> [Work request] Return each entry word for word and skip its pictures.

-- Excerpted records follows --

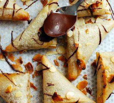 Prenez deux bandes de feuilles de brick, coupez une
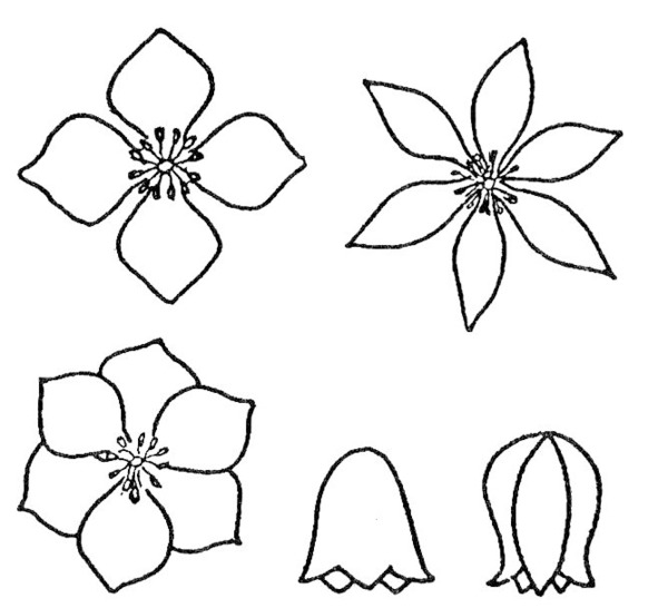 Цветет клематис обильно, в период с июня по сентябрь – октябрь. Жизнь отдельного цветка при этом продолжается 5—10 дней. В зависимости от вида и сорта клематиса цветки образуются на побегах прошлого и текущего года. Дикорастущие виды обладают цветками малого размера – 2—4 см в диаметре, культурные – крупными, до 10—20 см в диаметре. Форма цветков довольно разнообразна (рис. 31).
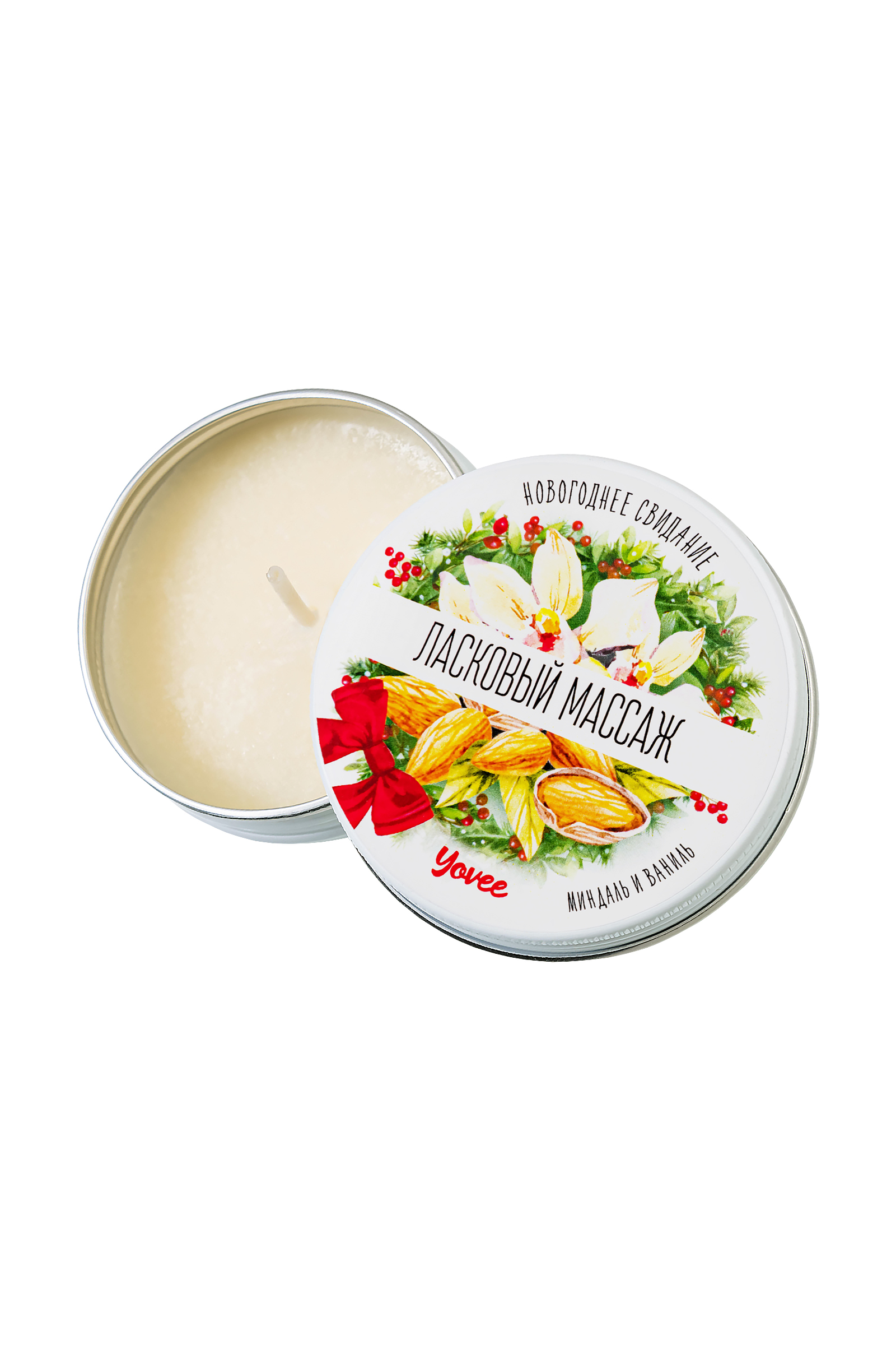 Массажная свеча Ёви «Ласковый массаж» с ароматом «Миндаль и ваниль» - изысканный аксессуар для новогоднего свидания. Изготовлена из 100% натуральных масел, которые питают, увлажняют, смягчают кожу и делают её шелковистой. Ненавязчивый сладкий аромат миндаля и ванили остается легким шлейфом, напоминая о проведенных минутах блаженства. Благодаря праздничному дизайну упаковки свеча отлично подходит в качестве презента. Основа свечи - гидрогенизированное соевое масло, которое идеально смешивается с уходовыми маслами и отдушкой, а при комнатной температуре приобретает плотность воска. При горении свечи твердый воск расплавляется в тёплое массажное масло, не обжигающее кожу. Уходовые масла: пальмовое, кокосовое и масло виноградной косточки - многофункциональны. Пальмовое масло помогает справиться с авитаминозом кожи, дарит приятное увлажнение и свежесть, смягчает огрубевшую и шелушащуюся кожу, помогает справиться с возрастными изменениями. Кокосовое масло придает коже бархатистость, защищает, смягчает, разглаживает. Масло виноградной косточки повышает тургор, эластичность и упругость кожи, стимулирует выработку коллагена и эластина, ускоряет процесс регенерации кожного покрова. Сладкая парфюмированая отдушка добавит приятных ощущений при использовании. Предназначена для наружного применения. Не содержит парафина. Не подходит для ароматизации помещения, использования в качестве лубриканта. Применение: зажгите свечу до массажа, когда образуется достаточное количество масла, потушите её. Проверьте температуру масла на внутренней стороне ладони, при необходимости дайте маслу слегка остыть. Нанесите на тело и массирующими движениями распределите по телу. Наслаждайтесь тонким ароматом и бархатной кожей!
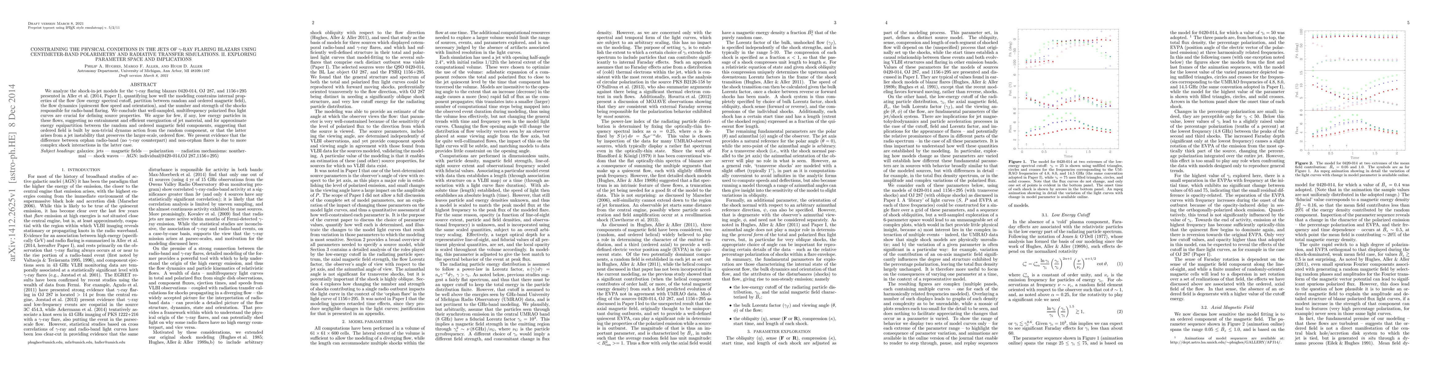 We analyze the shock-in-jet models for the gamma-ray flaring blazars 0420-014, OJ 287, and 1156+295 presented in Aller et al. (2014, Paper I), quantifying how well the modeling constrains internal properties of the flow (low energy spectral cutoff, partition between random and ordered magnetic field), the flow dynamics (quiescent flow speed and orientation), and the number and strength of the shocks responsible for radio-band flaring. We conclude that well-sampled, multifrequency polarized flux light curves are crucial for defining source properties. We argue for few, if any, low energy particles in these flows, suggesting no entrainment and efficient energization of jet material, and for approximate energy equipartition between the random and ordered magnetic field components, suggesting that ordered field is built by non-trivial dynamo action from the random component, or that the latter arises from a jet instability that preserves the larger-scale, ordered flow. We present evidence that the difference between orphan radio-band (no gamma-ray counterpart) and non-orphan flares is due to more complex shock interactions in the latter case.
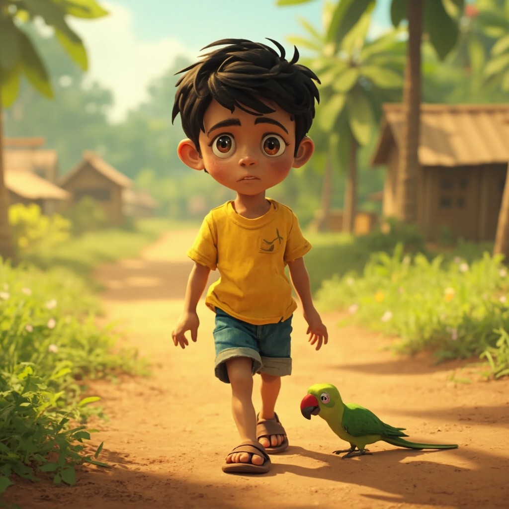 A 10-year-old Indian boy named Aarav with short black hair, big brown eyes, wearing a bright yellow t-shirt, blue shorts, and simple brown sandals, same face, same hairstyle, same clothes in every scene, accompanied by a small green parrot with a red beak (slight bandage on wing in early scenes), consistent character design, same proportions, same colors, highly consistent appearance across all frames, emotional expressions, soft lighting, detailed village environment, cinematic composition, smooth animation feel, 2D cartoon animation style, clean outlines, vibrant colors, Pixar-inspired but 2D, high quality, no character variation, no outfit change, no face change Aarav walking on a village dirt path, green fields and small huts in background, he notices an injured green parrot lying on the ground, worried expression, soft sunlight, 2D cartoon style, bright colors, consistent character design genrate this video
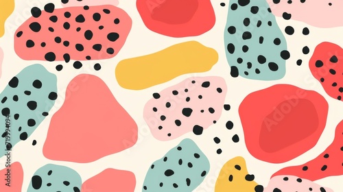 pattern with pastel background in the style of a 1970's handdrawn illustration
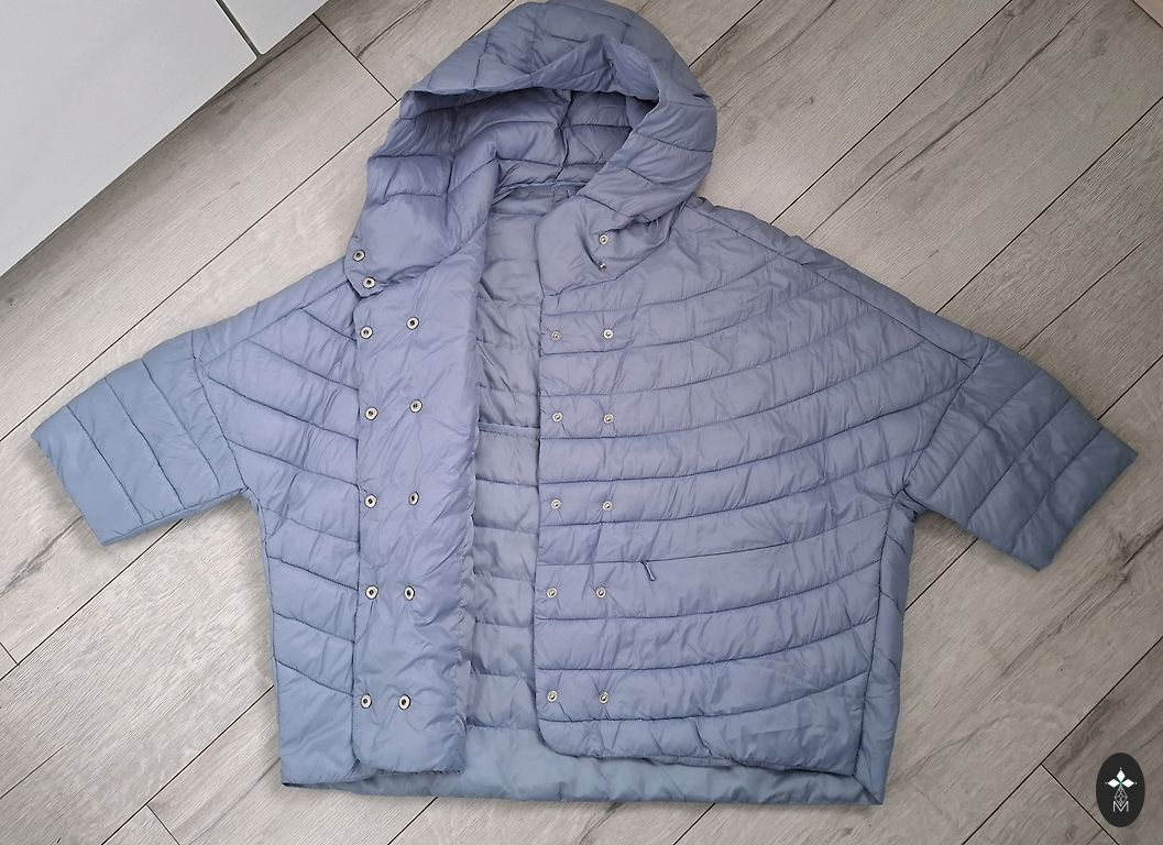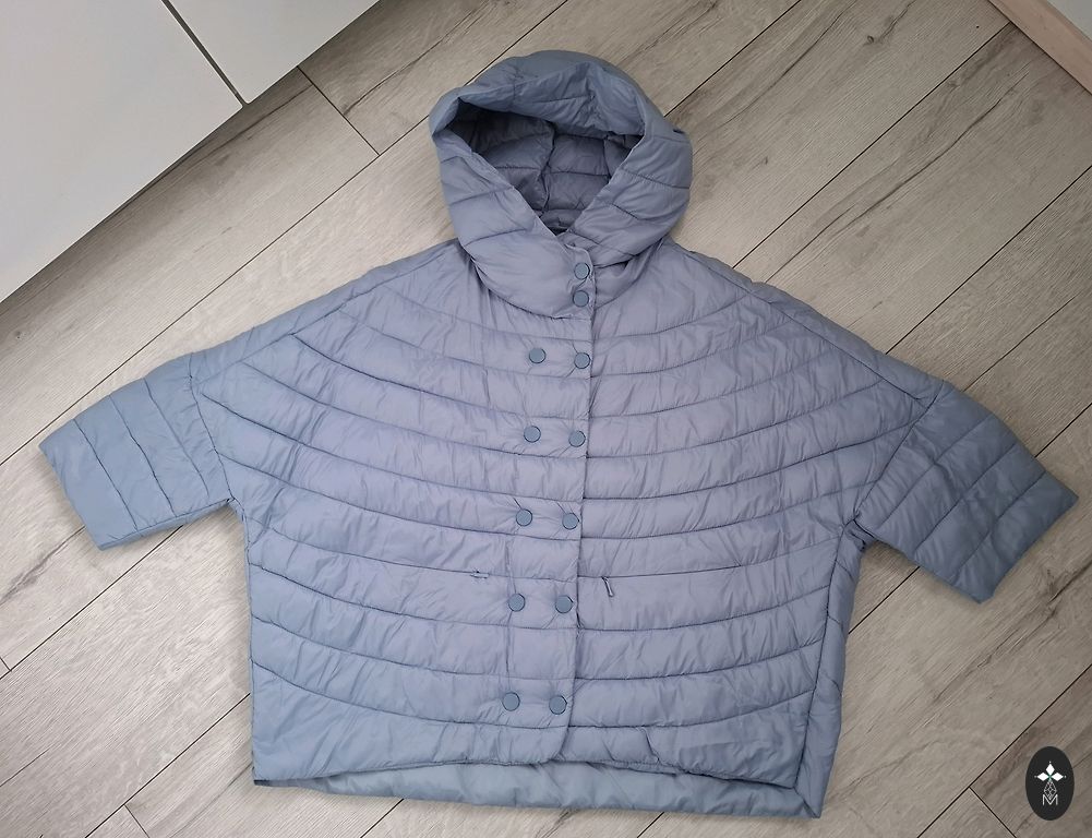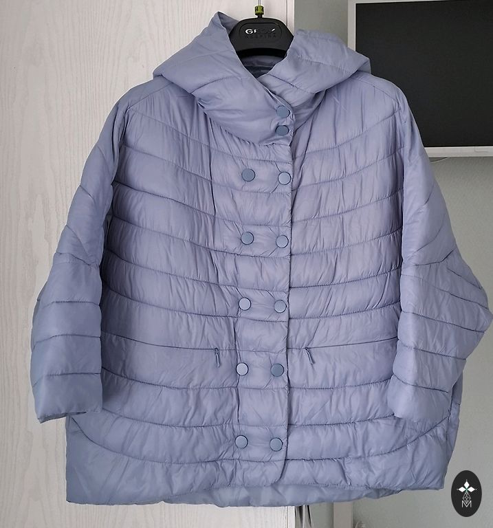 Удлиненная курточка хорошего качества в отличном состоянии ( носилась один сезон и стала маловата) на 42-44 евр.размер. Капюшон отстегивается, есть ремень. Приталена, хорошо сидит на фигуре.Цвет зеленоват-сероватый.

-- Excerpted records concluded --

> [Solution to the problem]
 Prenez deux bandes de feuilles de brick, coupez une
 Цветет клематис обильно, в период с июня по сентябрь – октябрь. Жизнь отдельного цветка при этом продолжается 5—10 дней. В зависимости от вида и сорта клематиса цветки образуются на побегах прошлого и текущего года. Дикорастущие виды обладают цветками малого размера – 2—4 см в диаметре, культурные – крупными, до 10—20 см в диаметре. Форма цветков довольно разнообразна (рис. 31).
 Массажная свеча Ёви «Ласковый массаж» с ароматом «Миндаль и ваниль» - изысканный аксессуар для новогоднего свидания. Изготовлена из 100% натуральных масел, которые питают, увлажняют, смягчают кожу и делают её шелковистой. Ненавязчивый сладкий аромат миндаля и ванили остается легким шлейфом, напоминая о проведенных минутах блаженства. Благодаря праздничному дизайну упаковки свеча отлично подходит в качестве презента. Основа свечи - гидрогенизированное соевое масло, которое идеально смешивается с уходовыми маслами и отдушкой, а при комнатной температуре приобретает плотность воска. При горении свечи твердый воск расплавляется в тёплое массажное масло, не обжигающее кожу. Уходовые масла: пальмовое, кокосовое и масло виноградной косточки - многофункциональны. Пальмовое масло помогает справиться с авитаминозом кожи, дарит приятное увлажнение и свежесть, смягчает огрубевшую и шелушащуюся кожу, помогает справиться с возрастными изменениями. Кокосовое масло придает коже бархатистость, защищает, смягчает, разглаживает. Масло виноградной косточки повышает тургор, эластичность и упругость кожи, стимулирует выработку коллагена и эластина, ускоряет процесс регенерации кожного покрова. Сладкая парфюмированая отдушка добавит приятных ощущений при использовании. Предназначена для наружного применения. Не содержит парафина. Не подходит для ароматизации помещения, использования в качестве лубриканта. Применение: зажгите свечу до массажа, когда образуется достаточное количество масла, потушите её. Проверьте температуру масла на внутренней стороне ладони, при необходимости дайте маслу слегка остыть. Нанесите на тело и массирующими движениями распределите по телу. Наслаждайтесь тонким ароматом и бархатной кожей!
 We analyze the shock-in-jet models for the gamma-ray flaring blazars 0420-014, OJ 287, and 1156+295 presented in Aller et al. (2014, Paper I), quantifying how well the modeling constrains internal properties of the flow (low energy spectral cutoff, partition between random and ordered magnetic field), the flow dynamics (quiescent flow speed and orientation), and the number and strength of the shocks responsible for radio-band flaring. We conclude that well-sampled, multifrequency polarized flux light curves are crucial for defining source properties. We argue for few, if any, low energy particles in these flows, suggesting no entrainment and efficient energization of jet material, and for approximate energy equipartition between the random and ordered magnetic field components, suggesting that ordered field is built by non-trivial dynamo action from the random component, or that the latter arises from a jet instability that preserves the larger-scale, ordered flow. We present evidence that the difference between orphan radio-band (no gamma-ray counterpart) and non-orphan flares is due to more complex shock interactions in the latter case.
 A 10-year-old Indian boy named Aarav with short black hair, big brown eyes, wearing a bright yellow t-shirt, blue shorts, and simple brown sandals, same face, same hairstyle, same clothes in every scene, accompanied by a small green parrot with a red beak (slight bandage on wing in early scenes), consistent character design, same proportions, same colors, highly consistent appearance across all frames, emotional expressions, soft lighting, detailed village environment, cinematic composition, smooth animation feel, 2D cartoon animation style, clean outlines, vibrant colors, Pixar-inspired but 2D, high quality, no character variation, no outfit change, no face change Aarav walking on a village dirt path, green fields and small huts in background, he notices an injured green parrot lying on the ground, worried expression, soft sunlight, 2D cartoon style, bright colors, consistent character design genrate this video
 pattern with pastel background in the style of a 1970's handdrawn illustration
 Удлиненная курточка хорошего качества в отличном состоянии ( носилась один сезон и стала маловата) на 42-44 евр.размер. Капюшон отстегивается, есть ремень. Приталена, хорошо сидит на фигуре.Цвет зеленоват-сероватый.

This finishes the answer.